──────── Data under study ────────
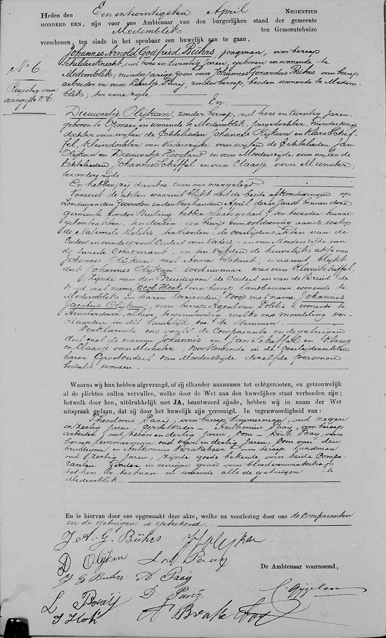 | Trouwt [Akte] met als getuigen Theodorus Paaij van beroep timmerman oud 69 jaren grootvader, Anthonius Paaij van beroep arbeider oud 37 jaar oom, Dirk Paaij timmerman oud 34 jaar oom van den bruidgom en Anthonius Brakeboer landman oud 60 jaar goede bekende van bruidegom en bruid op 21-04-1901 te Medemblik, NH, Nederland [Foto1]
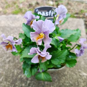 こないだ園芸店に行ったら、またまた見つけて買ってしまいました💦 パスフリ ビオラ?パンジー?です。 灰色のような青紫のような、綺麗な色です。 株もしっかりしていたので、このあと、鉢におひとり様植えしました。 育種家パンビオに一度ハマると、色々気になりますね😍
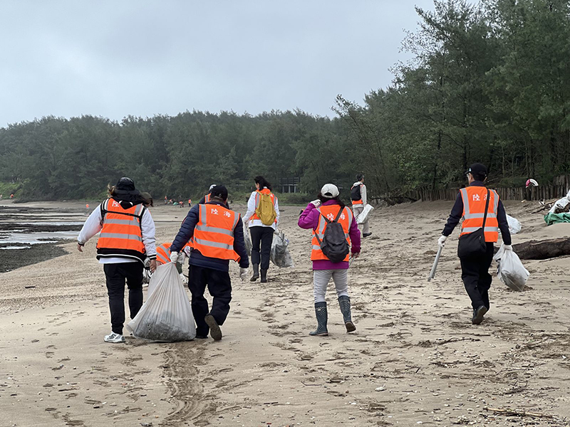 儘管天氣不佳,但陸海公司的員工們仍舊熱情參與,手持夾子、垃圾袋,將散落在沙灘上的各種垃圾一一撿起。從塑膠瓶、保麗龍碎片到漁網,無所不撿。大家齊心協力,為美麗的海岸線盡一份心力。
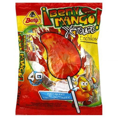 Beny Mango X-Treme lollipops will excite the senses with an unusual combination of fruit and vegetable flavors! This Mexican lollipop includes a traditional stick with a serving of hard candy on top. Open the wrapper and taste the unique seasoning that coats the outside of each pop. Next, your taste buds can savor an exciting blend of sweet mango and chili pepper. It's a one-of-a-kind Mexican candy that everyone will love!
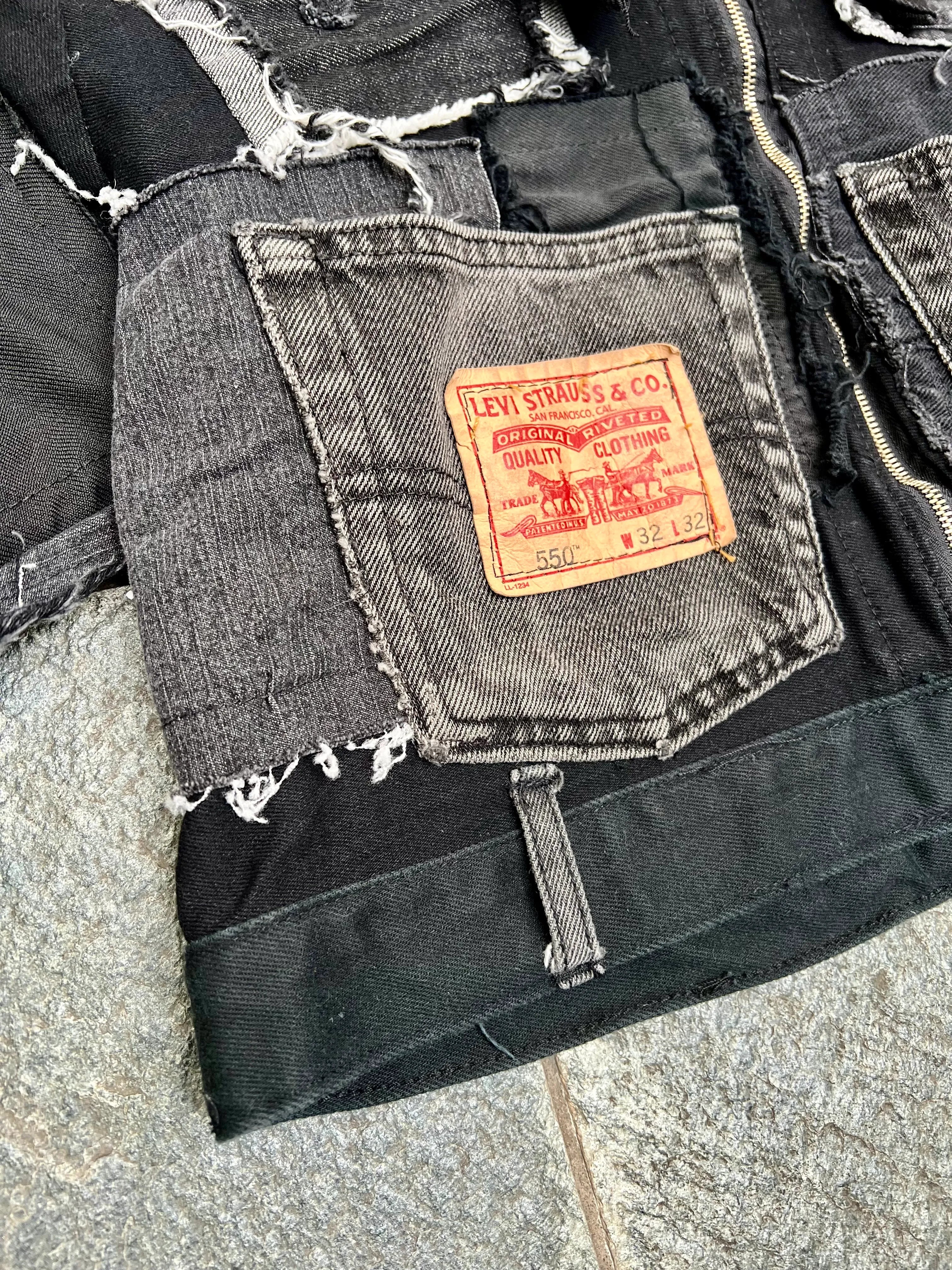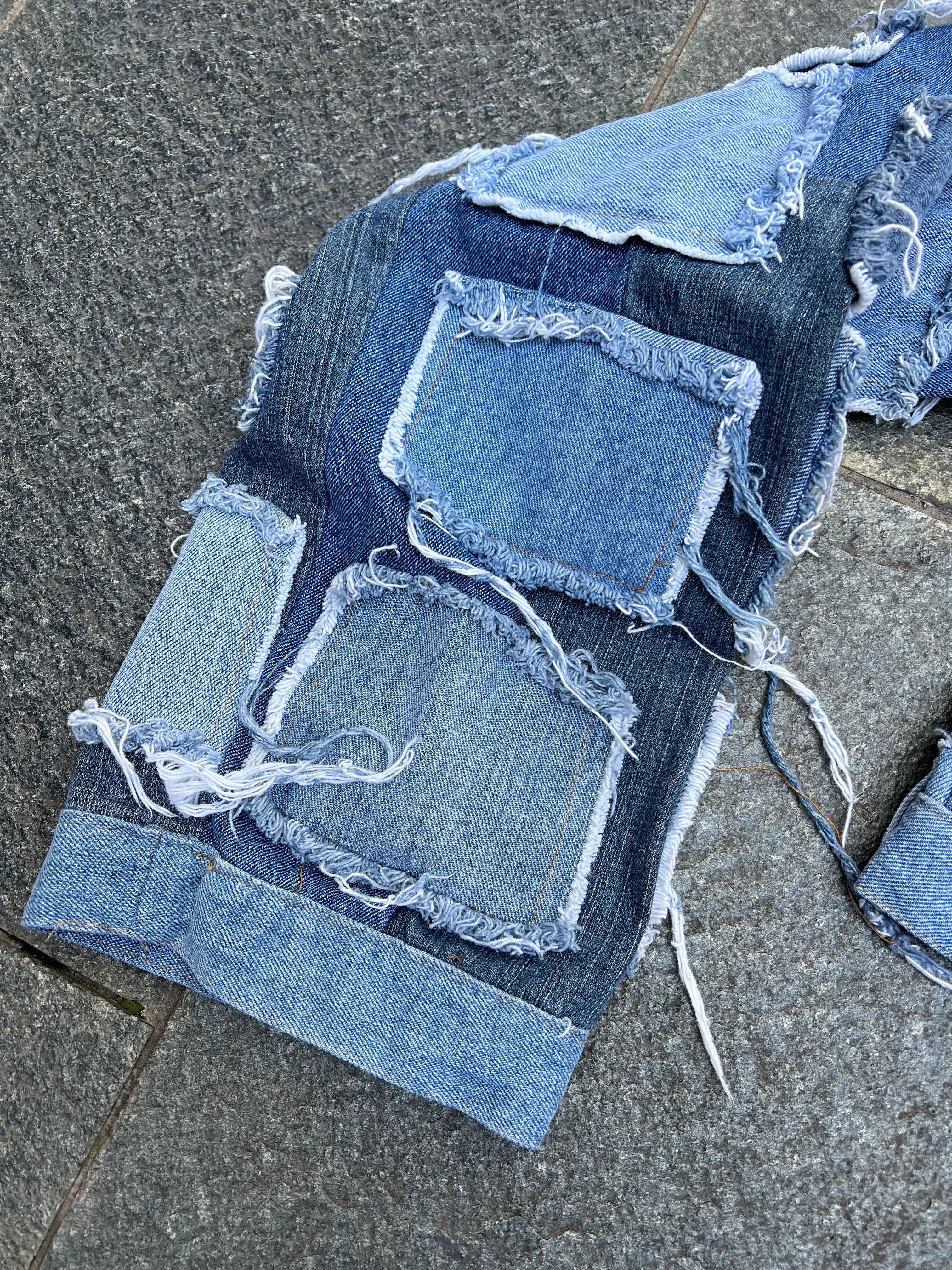 ⚫︎デニムのパッチワークを贅沢に使用したリメイクデザイン
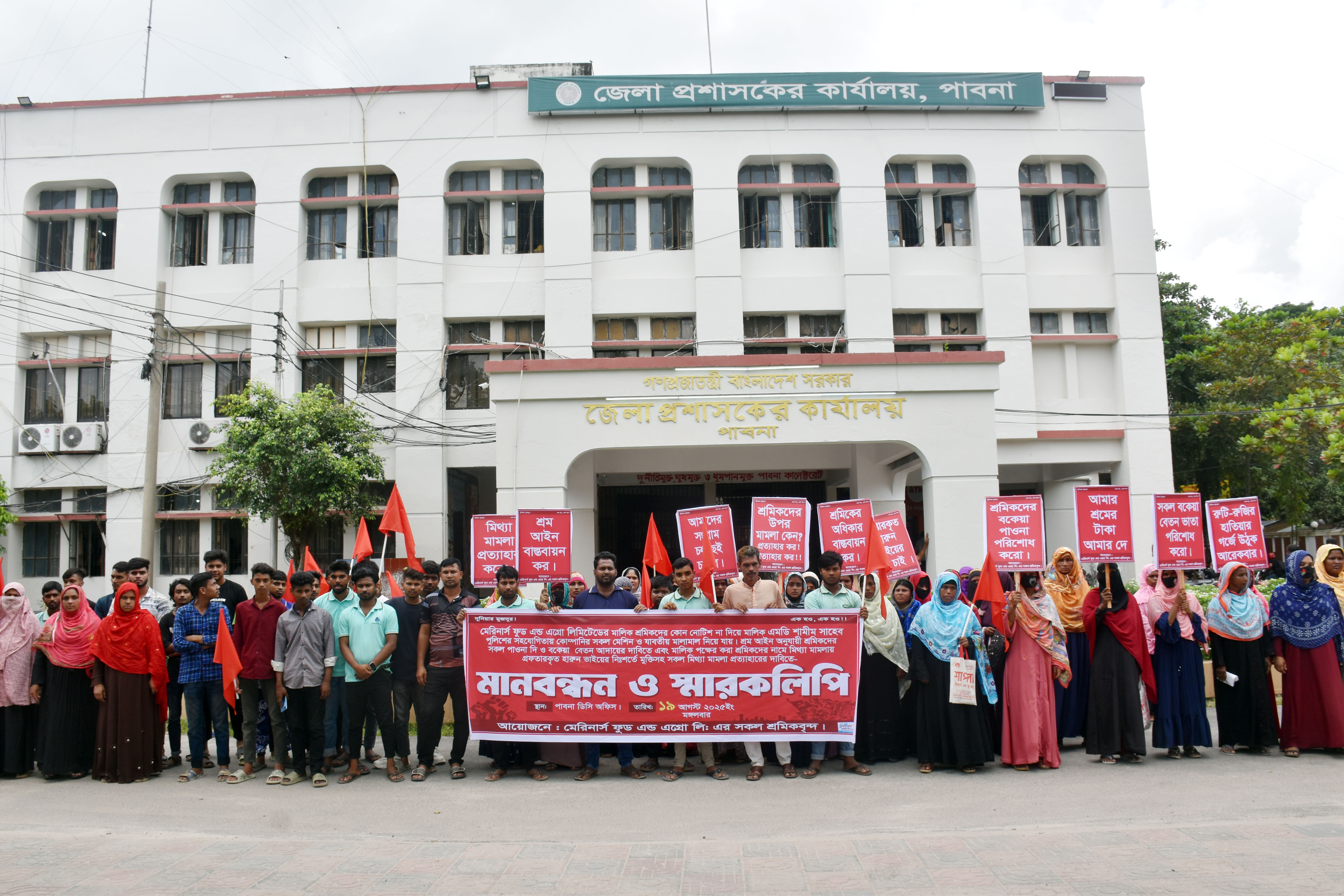পাবনা প্রতিনিধি: পাবনায় শ্রমিকদের বকেয়া বেতন পরিশোধ ও মিথ্যা মামলা প্রত্যাহরের দাবিতে মানববন্ধন করেছে মেরিনার্স ফুড এন্ড এগ্রো লিমিটেডের শ্রমিকবৃন্দ। মঙ্গলবার বেলা ১১টায় জেলা প্রশাসক কার্যালয়ের সামনে বিক্ষোভ মিছিল ও মানববন্ধন অনুষ্ঠিত হয়।
────────
--- What is required ---
All records, pictures excluded: copy them exactly.

--- Response to this exercise ---
 | Trouwt [Akte] met als getuigen Theodorus Paaij van beroep timmerman oud 69 jaren grootvader, Anthonius Paaij van beroep arbeider oud 37 jaar oom, Dirk Paaij timmerman oud 34 jaar oom van den bruidgom en Anthonius Brakeboer landman oud 60 jaar goede bekende van bruidegom en bruid op 21-04-1901 te Medemblik, NH, Nederland [Foto1]
 こないだ園芸店に行ったら、またまた見つけて買ってしまいました💦 パスフリ ビオラ?パンジー?です。 灰色のような青紫のような、綺麗な色です。 株もしっかりしていたので、このあと、鉢におひとり様植えしました。 育種家パンビオに一度ハマると、色々気になりますね😍
 儘管天氣不佳,但陸海公司的員工們仍舊熱情參與,手持夾子、垃圾袋,將散落在沙灘上的各種垃圾一一撿起。從塑膠瓶、保麗龍碎片到漁網,無所不撿。大家齊心協力,為美麗的海岸線盡一份心力。
 Beny Mango X-Treme lollipops will excite the senses with an unusual combination of fruit and vegetable flavors! This Mexican lollipop includes a traditional stick with a serving of hard candy on top. Open the wrapper and taste the unique seasoning that coats the outside of each pop. Next, your taste buds can savor an exciting blend of sweet mango and chili pepper. It's a one-of-a-kind Mexican candy that everyone will love!
 ⚫︎デニムのパッチワークを贅沢に使用したリメイクデザイン
পাবনা প্রতিনিধি: পাবনায় শ্রমিকদের বকেয়া বেতন পরিশোধ ও মিথ্যা মামলা প্রত্যাহরের দাবিতে মানববন্ধন করেছে মেরিনার্স ফুড এন্ড এগ্রো লিমিটেডের শ্রমিকবৃন্দ। মঙ্গলবার বেলা ১১টায় জেলা প্রশাসক কার্যালয়ের সামনে বিক্ষোভ মিছিল ও মানববন্ধন অনুষ্ঠিত হয়।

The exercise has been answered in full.